The i’mWatch is a beautiful piece of hardware, very nicely crafted and remarkably light for it’s visual bulk. The details are very clean and it fits very nicely on the wrist (Ed. even smaller than average wrists like mine). The user interface is just as beautiful as it appeared in the press releases, using familiar rounded-corner icons that might be a little too close to iOS icons for comfort. Setup is fairly straight-forward, consisting of pairing the watch with a smartphone via Bluetooth and downloading data via a tethered connection — and that is where the i’mWatch crashes full-force into a concrete wall. The tethered connection must be through the smartphone’s data plan, using it as a Bluetooth connection to a wireless hotspot, making synchronizing the i’mWatch data impossible without a tethering plan on the paired smartphone.
All of those wonderful applications the i’mWatch promises are irrevocably chained to a cloud service (you guessed it: i’mCloud). I asked an engineer at the i’mWatch booth during CES about this and was told that tethering was simply necessary and my comment that it was an odd requirement met with a bland stare and a remark about preferring Android anyway.
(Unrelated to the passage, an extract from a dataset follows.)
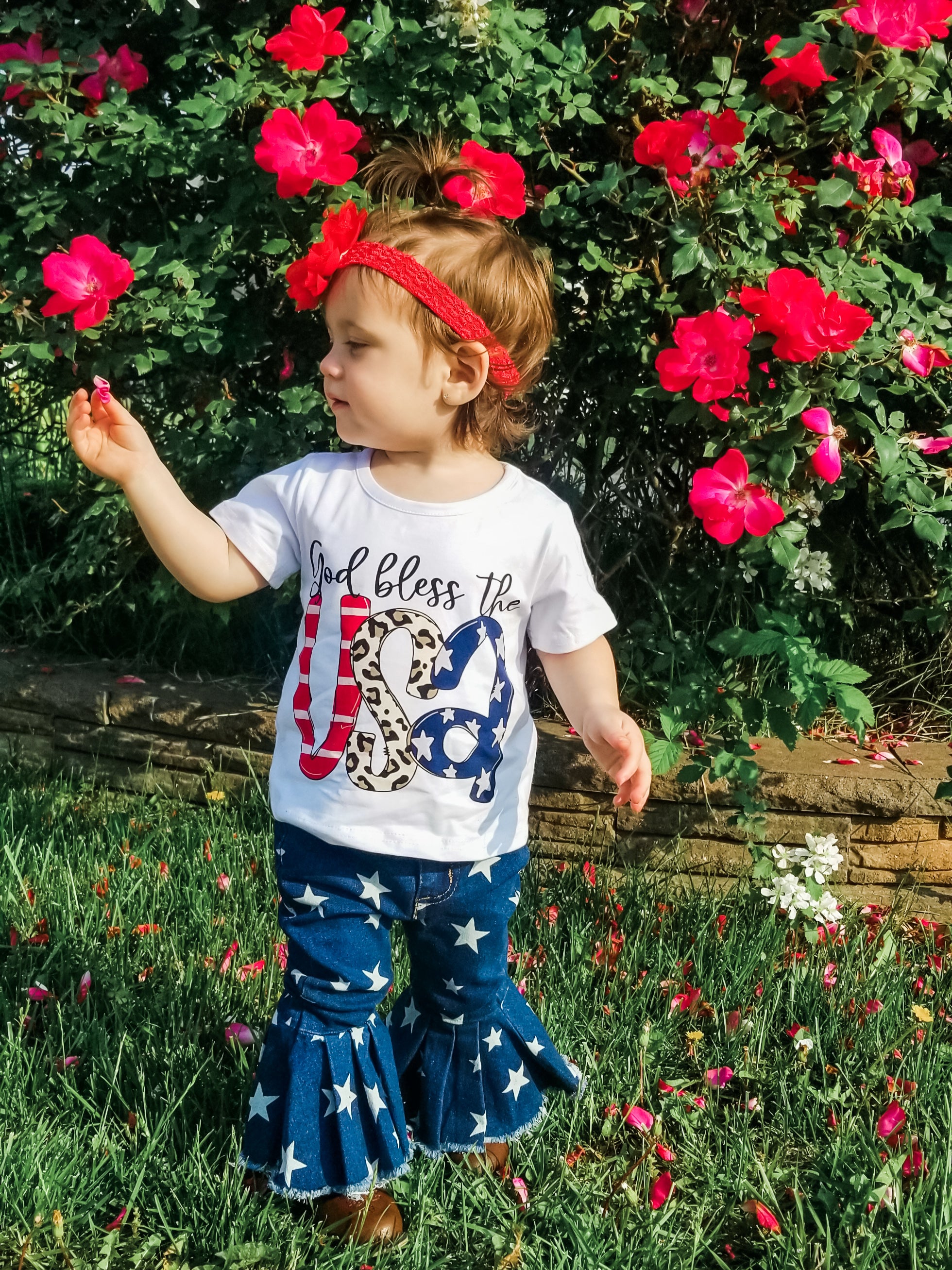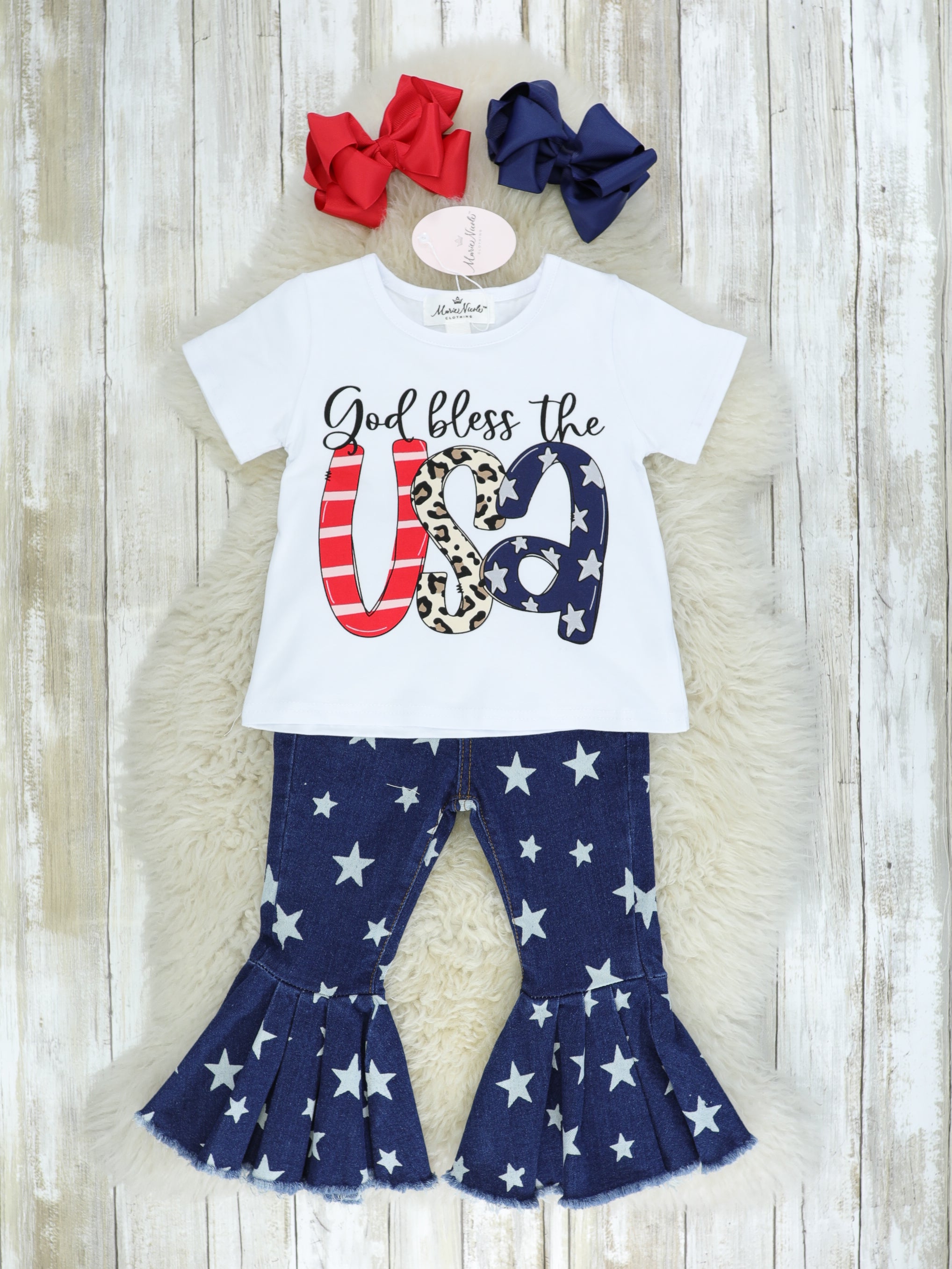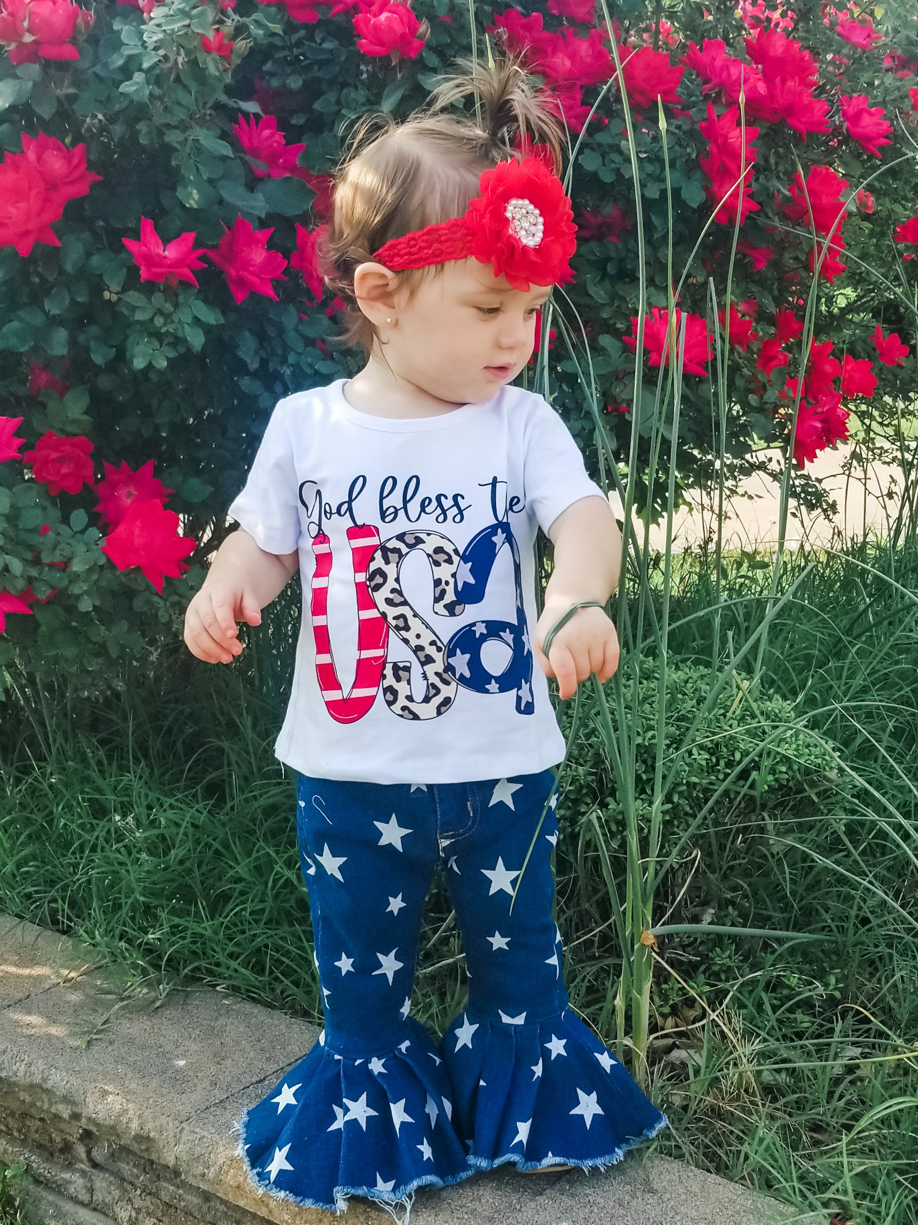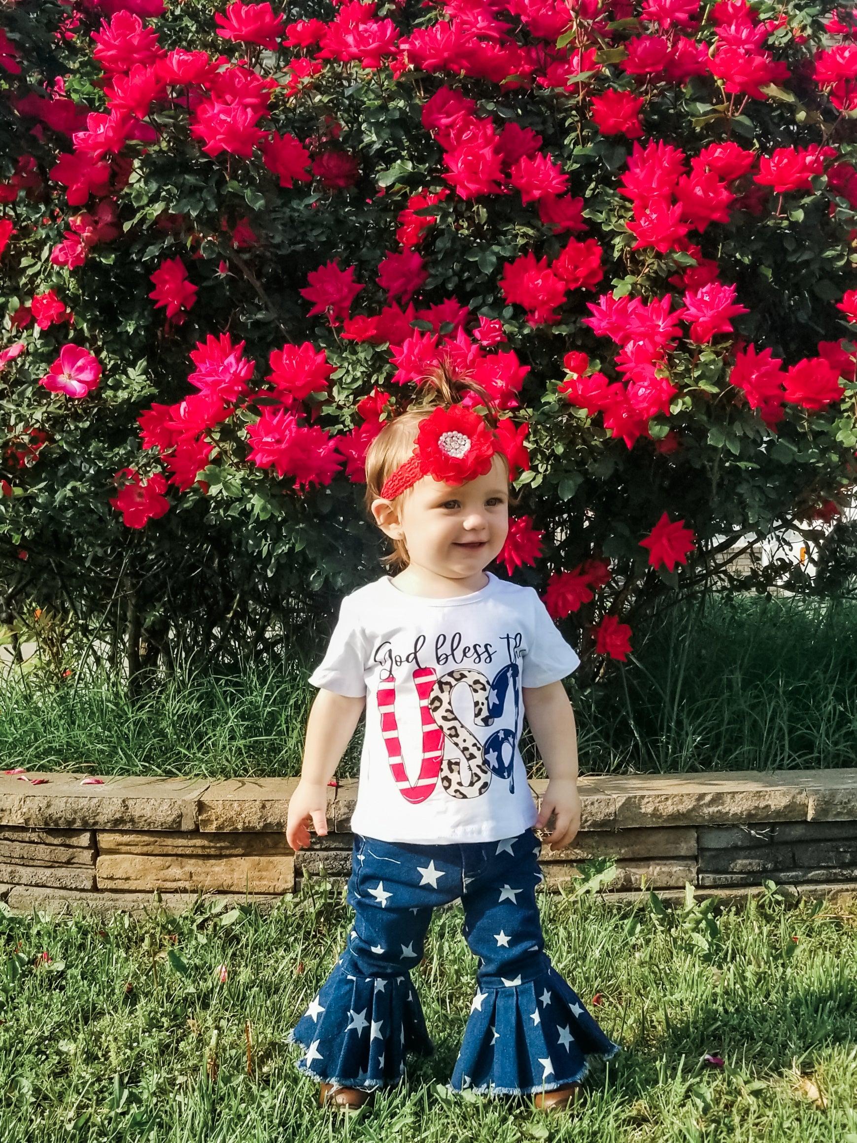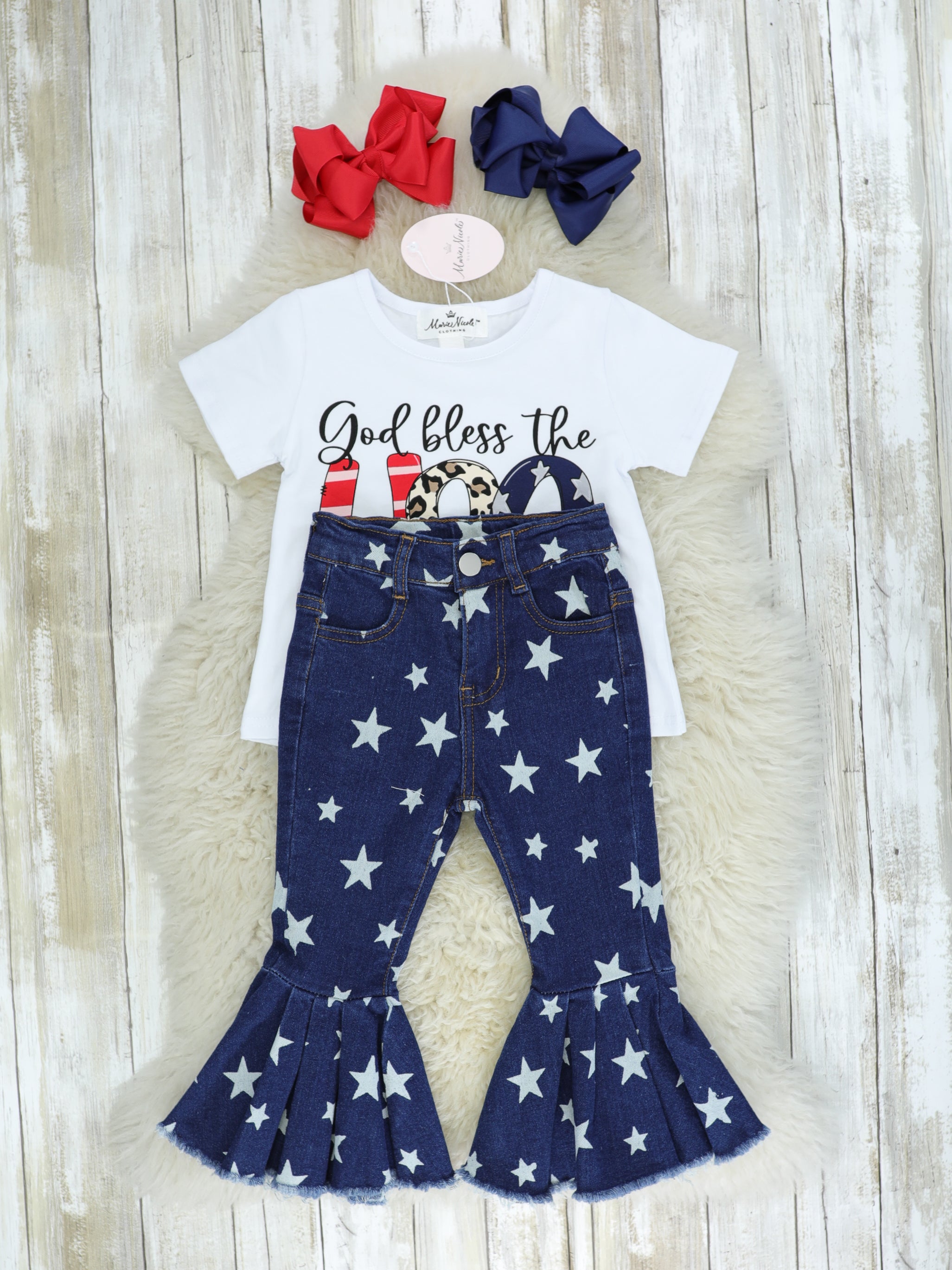 This "God Bless The USA" 🇺🇸 outfit is a standout piece with super cute star bell bottoms.

We contacted i’mWatch support to confirm that a tethered connection was absolutely necessary, trying to be a generous early adopter — our emails follow:
If I understand correctly the i’mWatch is completely unable to sync without tethering active.
Most carriers charge an extra fee for that capability — AT&T Mobility for example, charges $65 per month plus $10/GB after the first 5GB and that is only with a more expensive “business plan”.
If this is the case, then the i’mWatch has some very serious problems ahead of it in terms of market acceptance. Please reply as soon as possible.
The response from i’mWatch:
Dear Customer,
thank you for conacting [sic] us.
i’m Watch uses bluetooth and tethering. Without tethering, it cannot sync.
Feel free to conact [sic] us for any further question.
Kind Regards,
i’m Watch Staff
Really? We just want to know if there is any way to sync i’mWatch without a substantial extra monthly fee to our mobile provider. We followed-up the next day:
Is it possible to offer alternatives to tethered sync? Perhaps synchronizing when connected via the USB cable? With an option, the audience for an i’mWatch grows dramatically.
And their response:
Dear Customer,
thank you for conacting [sic] us.
Unfortunately there is currently no alternative to tethering.
Kind Regards,
i’m Watch Staff
Without the tethered data connection, the i’mWatch loses the great majority of it’s functions — leaving it with notifications for calls and text messages and, of course, the time (although you’re unable to install additional watch-faces). Every other application, including email (i’mail), music (i’music), calendar, clients for Twitter (i’mTweet) and Facebook (i’mFB), a stock tracking application and a weather app, are simply non-functional.
Our conclusion: the i’mWatch is a sexy, elegant Italian supermodel who can only be smart and charming if you pay extra.